▼

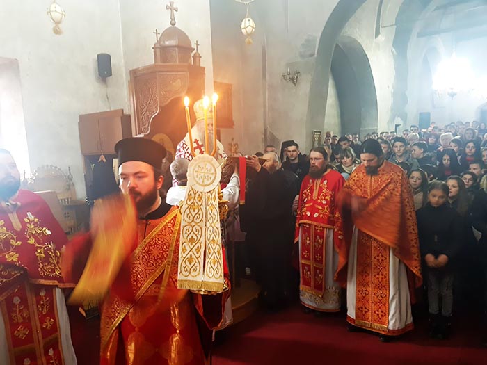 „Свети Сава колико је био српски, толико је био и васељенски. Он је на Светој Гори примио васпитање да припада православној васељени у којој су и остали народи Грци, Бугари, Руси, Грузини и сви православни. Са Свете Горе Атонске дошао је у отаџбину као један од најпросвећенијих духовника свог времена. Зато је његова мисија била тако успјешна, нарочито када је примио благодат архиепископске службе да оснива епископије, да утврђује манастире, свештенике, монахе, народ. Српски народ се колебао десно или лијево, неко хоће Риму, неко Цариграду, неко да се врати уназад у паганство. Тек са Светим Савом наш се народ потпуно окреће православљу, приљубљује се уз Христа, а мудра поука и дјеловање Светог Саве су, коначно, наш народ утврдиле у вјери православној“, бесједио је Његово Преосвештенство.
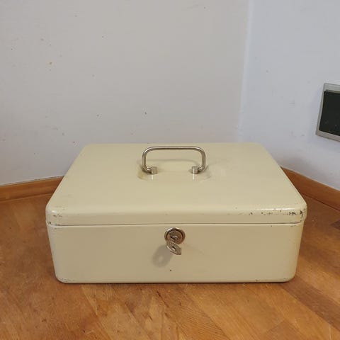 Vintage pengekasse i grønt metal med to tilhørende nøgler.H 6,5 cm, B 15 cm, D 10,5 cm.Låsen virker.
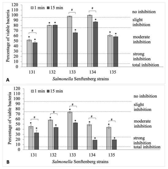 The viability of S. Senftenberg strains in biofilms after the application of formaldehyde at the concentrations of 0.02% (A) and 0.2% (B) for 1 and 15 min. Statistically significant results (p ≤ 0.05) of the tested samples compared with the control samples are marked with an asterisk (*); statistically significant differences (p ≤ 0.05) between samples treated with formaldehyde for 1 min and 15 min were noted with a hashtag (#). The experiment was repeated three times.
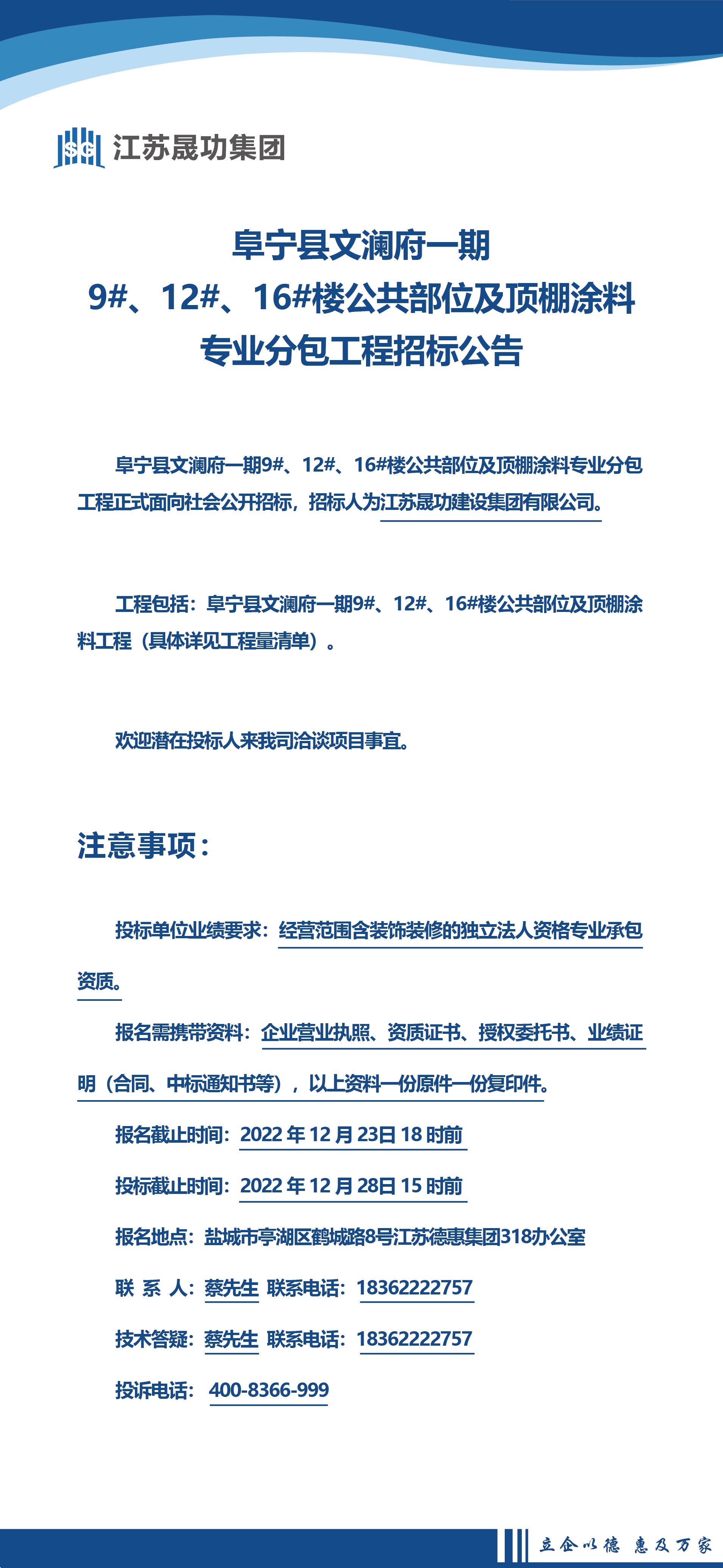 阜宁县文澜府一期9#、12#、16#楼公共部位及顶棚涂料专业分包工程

▲
▼

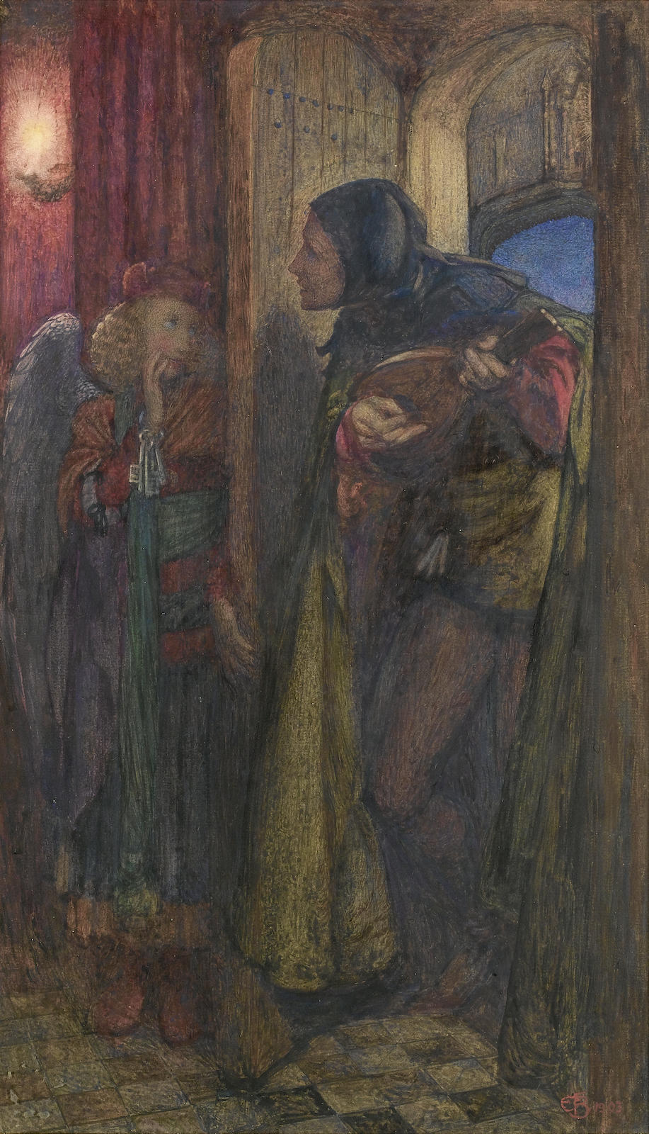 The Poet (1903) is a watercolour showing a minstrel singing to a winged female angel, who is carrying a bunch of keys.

▲

▶ **Task**
Using the data above, retype exactly the lines from the line with "је Његово Преосвештенство." to the line with "Vintage pengekasse i", inclusive. No pictures and nothing else.

▶ **Solution for this problem**
 „Свети Сава колико је био српски, толико је био и васељенски. Он је на Светој Гори примио васпитање да припада православној васељени у којој су и остали народи Грци, Бугари, Руси, Грузини и сви православни. Са Свете Горе Атонске дошао је у отаџбину као један од најпросвећенијих духовника свог времена. Зато је његова мисија била тако успјешна, нарочито када је примио благодат архиепископске службе да оснива епископије, да утврђује манастире, свештенике, монахе, народ. Српски народ се колебао десно или лијево, неко хоће Риму, неко Цариграду, неко да се врати уназад у паганство. Тек са Светим Савом наш се народ потпуно окреће православљу, приљубљује се уз Христа, а мудра поука и дјеловање Светог Саве су, коначно, наш народ утврдиле у вјери православној“, бесједио је Његово Преосвештенство.
 Vintage pengekasse i grønt metal med to tilhørende nøgler.H 6,5 cm, B 15 cm, D 10,5 cm.Låsen virker.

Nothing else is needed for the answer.